When metadata entries in SOFTWARE.bib
point to R packages, they are installed in a local library for that workflow. The SOFTWARE.bib
file is where the scientist can specify the exact version of key software components that were used in the analysis, pointing to specific releases, tags, or commits of each software to strengthen reproducibility.
The TAF package comes with utility functions draft.data()
and draft.software()
that facilitate the creation of the DATA.bib
and SOFTWARE.bib
files. The online TAF Wiki provides more details and examples of metadata entries.
When authoring a TAF analysis, one can either start with a similar workflow and adapt it to the current analysis or start with a new workflow. The taf.skeleton()
function creates a new workflow, consisting of an empty boot/initial/data
folder and the four TAF scripts: data.R
, model.R
, output.R
, and report.R
. Each script provides a starting point for that step of the analysis, for example, a new data.R
script contains the following lines:
# Prepare data, write TAF data tables
# Before:
# After:
library(TAF)
mkdir("data")
After running taf.skeleton()
to create a new TAF workflow, the scientist can populate the boot/initial/data
folder with initial data files and run draft.data(file=TRUE)
to produce a DATA.bib
file.
The next step is then to run taf.boot()
to populate the boot/data
folder and start editing the data.R
script, reading files from the boot/data
folder.
Several functions from the TAF package have been mentioned in this introduction:
Initial TAF steps
draft.data
draft.software
taf.boot
taf.example
taf.skeleton
Running scripts
source.all
File management
mkdir
read.taf
write.taf
Plots
taf.png
The TAF package provides many additional functions that can be useful but are not required for authoring or running TAF workflows.
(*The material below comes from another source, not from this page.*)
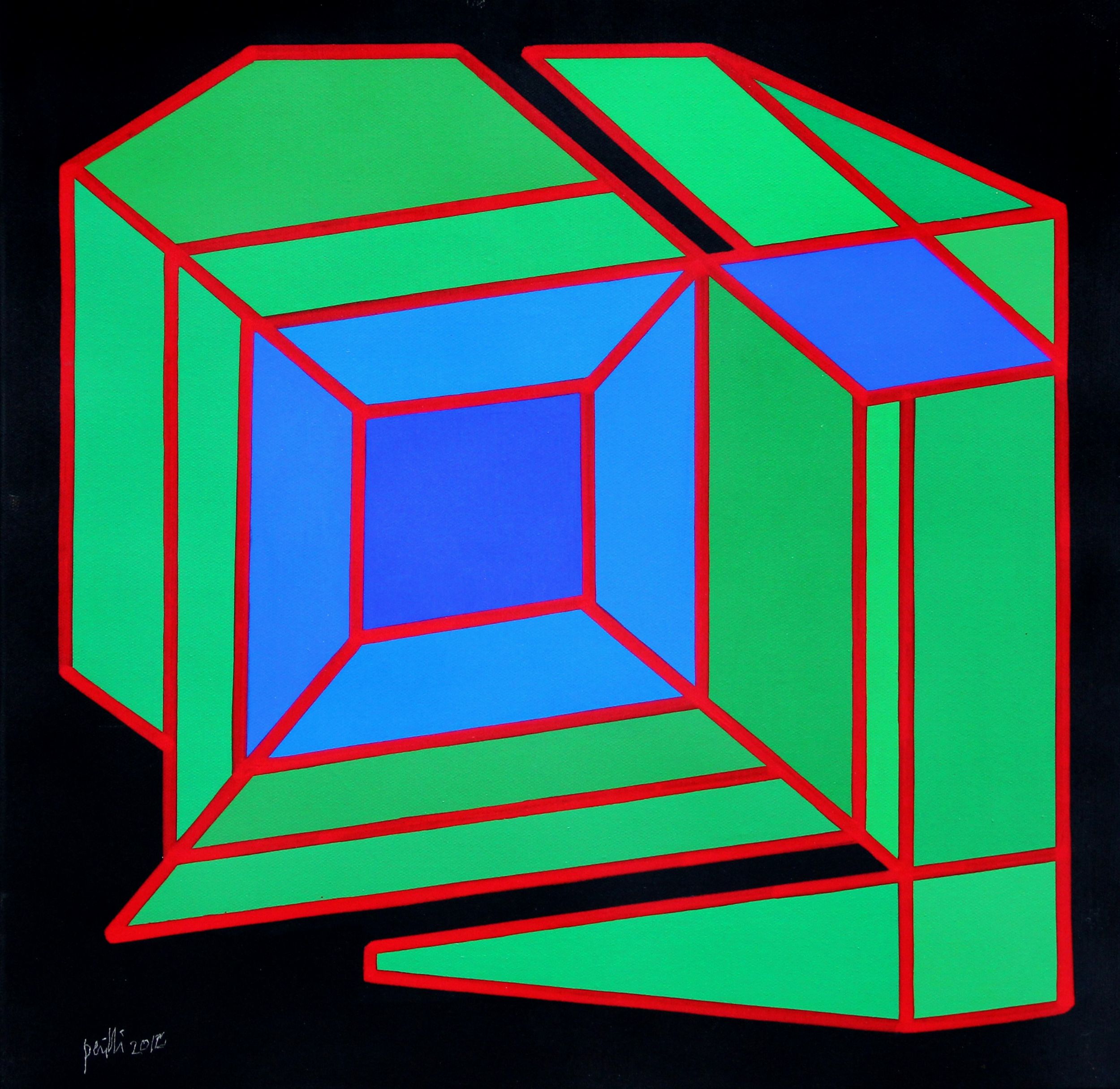 2012 Firma, data 'Perilli, 2012' (in basso a sinistra) Firma, data, titolo, dimensioni 'Achille Perilli, 2012, Il luogo antico, cm 50x50'; etichetta di Casati Arte Contemporanea, Muggiò (al retro)

Every function comes with a help page that includes examples and cross-references. Furthermore, typing ?TAF
opens a package help page that gives an overview of all the functions in the package, grouped by functionality.
Most TAF analyses are organized on GitHub, either in public or private repositories, although the TAF design does not require GitHub. Public repositories are a common standard for open and reproducible research, while private repositories can also be used, e.g., when data are sensitive and cannot be shared.
TAF repositories often contain the workflow in a ready-to-run state that does not include the results. This means that anyone browsing that analysis will need to run the workflow to see the results, in the same way as the linreg
example. The advantage of this is a guarantee that a repository does not contain scripts and results that might be out of sync. On the other hand, uploading the results to the repository may be a good choice if the analysis takes a long time to run, or to facilitate scientific review without requiring the reviewer to install software or learn how to run TAF analyses.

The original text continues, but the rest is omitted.